Last weekend madame and I drove down to San Antonio to visit our good friend Chef David Gilbert (@beyondthekit on twitter) in his new adventure as the Executive Chef at Sustenio - the inspired restaurant at the Eilan resort in the North Western suburbs of San Antonio. And what a treat.
Even with all that magic, that wasn't the only high point! The resort and hotel are themselves fabulous. Great staff, wonderful place. But there's more. As many know, I am an avid baker. I was delighted when I was offered the chance to spend time with the brilliant bread maker Kelly Wiltshire in the pastry kitchen. The catch? Oh he starts at 4am. So at about 04:00 on the Saturday morning, I rocked up to the kitchen to find Kelly and get the training.
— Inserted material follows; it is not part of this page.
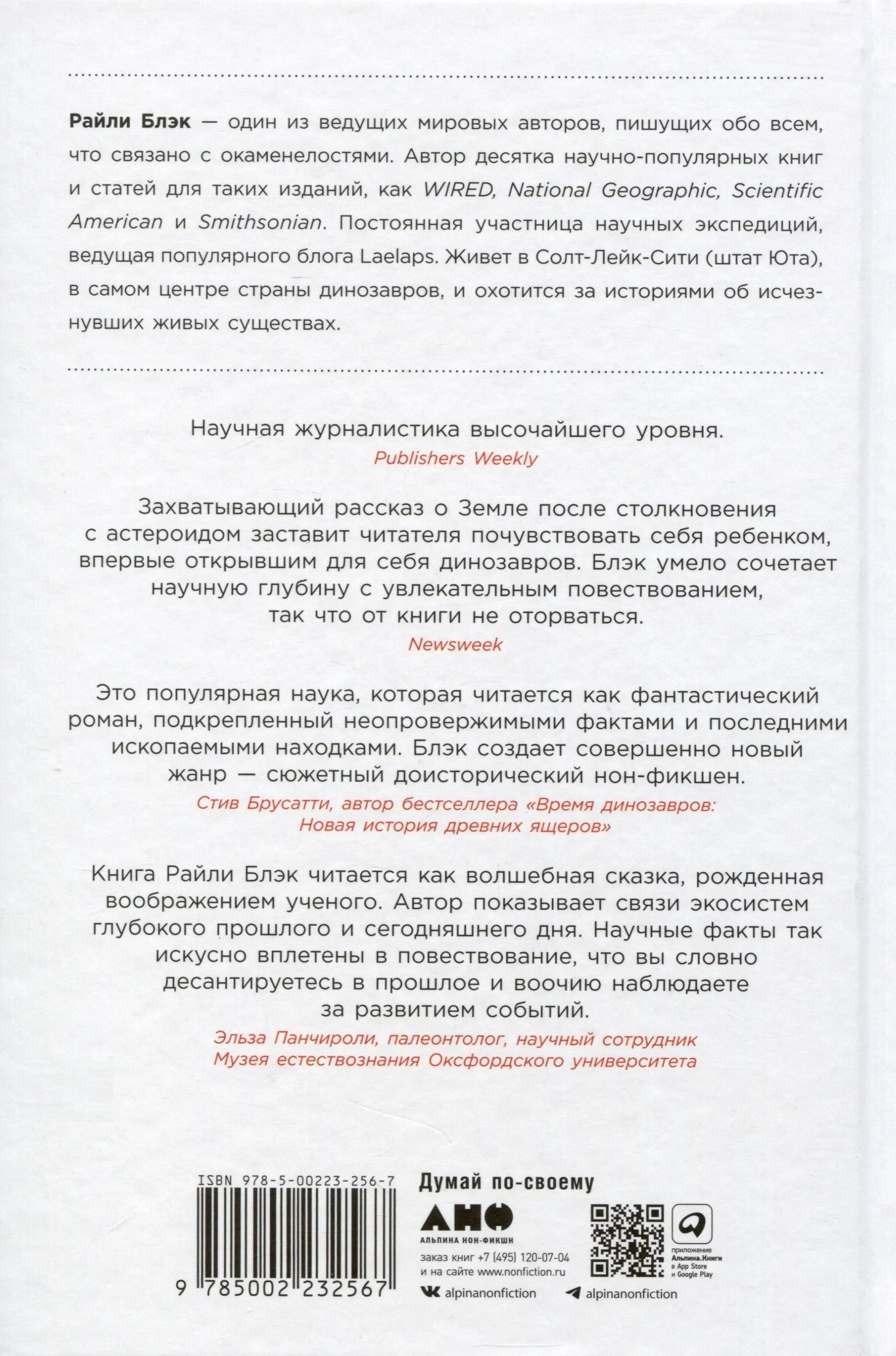 Эта книга — уникальна. Райли Блэк воспроизводит картину событий массового вымирания мелового периода на примерах конкретных животных так, словно присутствовала там и тогда сама. Все начинается в преддверии катастрофы, а затем, глава за главой мы следуем по пути героев Райли Блэк в разные дни их жизни: через час, через день, месяц, год, столетие, вплоть до миллиона лет после столкновения нашей планеты с астероидом. Пока на Землю надвигается конец света, мы узнаем, как мучается от раковой опухоли трицерапторс, как трудно прокормить свое огромное тело тираннозавру рексу и как опасен этот мир для едва вылупившегося из яйца и брошенного мамой аламозавра. Но самое страшное — и самое интересное — впереди. Чтобы не отвлекать читателя от сюжета, в конце книги Блэк дает обширное приложение с комментариями, поясняющими, какие из описаний соответствуют научным фактам, а что в портретах и биографиях героев домыслено. Впрочем, наука не стоит на месте и, вполне вероятно, что сегодняшние гипотетические построения автора завтра найдут подтверждения.

Intense. Fascinating to work with larger batches and the industrial sized Hobart mixers. Fresh yeast too. So what did I learn (but come nowhere near mastering)?
- That I am too nice to my dough.
- That shaping rolls has a rhythm and skill that I have yet to master, but am now on the way.
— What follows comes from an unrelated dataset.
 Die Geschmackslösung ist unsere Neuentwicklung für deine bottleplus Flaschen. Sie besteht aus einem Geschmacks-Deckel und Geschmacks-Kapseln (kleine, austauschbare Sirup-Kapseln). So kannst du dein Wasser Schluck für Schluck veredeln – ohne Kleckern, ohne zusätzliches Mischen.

- That doughs are more forgiving than I realized
- The real importance of high gluten flours - and their ability to withstand jostling during transfer from making to baking
- That you can (should) double bake artisinal breads to get extra crust
- That it is even harder work than I expected!
- That there is equipment I can only dream about
Now That's a mixer! |
I also got to watch a Ernest, a pastry chef do some incredibly detailed work - and best of all let me taste some of the results. How do pastry chefs stay thin? beats me!